Finisco, perché dopo devo andare di corsa….. ho i conati, insomma. Ultima notizia. Il clou. La ciliegina. Il top. Er mejo. Il nirvana, l’apoteosi, la rivelazione, la buona novella. Lui. Il vilipendibile che mai ho desiderato vilipendere come adesso. Quello là, che mi fa persino schifo nominare… tanto si capisce lo stesso chi sia… E’ andato in Polonia a vedersi la partita, capirai…. Italia Spagna… ha esultato. Si è inorgoglito (e chissenefrega se i due Marò anche se usciti dal carcere sono ancora in India…) ragazzi…. lui (minuscolo) quello che non merita di essere citato per nome e tantomeno cognome in questo blog, che è luogo rispettabile, ha abbracciato Buffon. Ha abbracciato Buffon. Ha abbracciato Buffon. Avete capito bene? E fanculo (scusate il francesismo) al terremoto, ai marò, alla crisi, allo stato di polizia in cui ci ha elegantemente impacchettati… lui ha abbracciato Buffon. Scusate, scappo… non vorrei lordare la tastiera. E grazie per la pazienza.

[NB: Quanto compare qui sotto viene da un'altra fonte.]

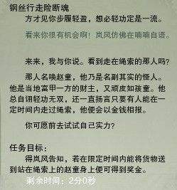 这里有个小技巧,直接旁边跳下去摔死,就不用走钢丝了,然后去交任务就好了。

P.S. E del fatto che Befera e i suoi scagnozzi abbiano invitato ragazzini delle scuole medie  a trasformarsi in delatori scrivendo nei loro temi estivi di quegli esercenti che durante le vacanze non hanno rilasciato lo scontrino per il gelato o la CocaCola cosa vogliamo dire? Eh? A me viene solo da pensare che Pol Pot era un dilettante. Aveva solo chiesto ai figli di denunciare i genitori sorpresi a leggere o a inforcare occhiali: era un mezzo per opporsi al regime. Trovate che ci sia una differenza così abissale? Io, sinceramente, no. Ma posso dire che mi fa schifo? Beh, che vi piaccia o no, lo dico. Buona notte a tutti (leggete verso sera almeno ha un senso).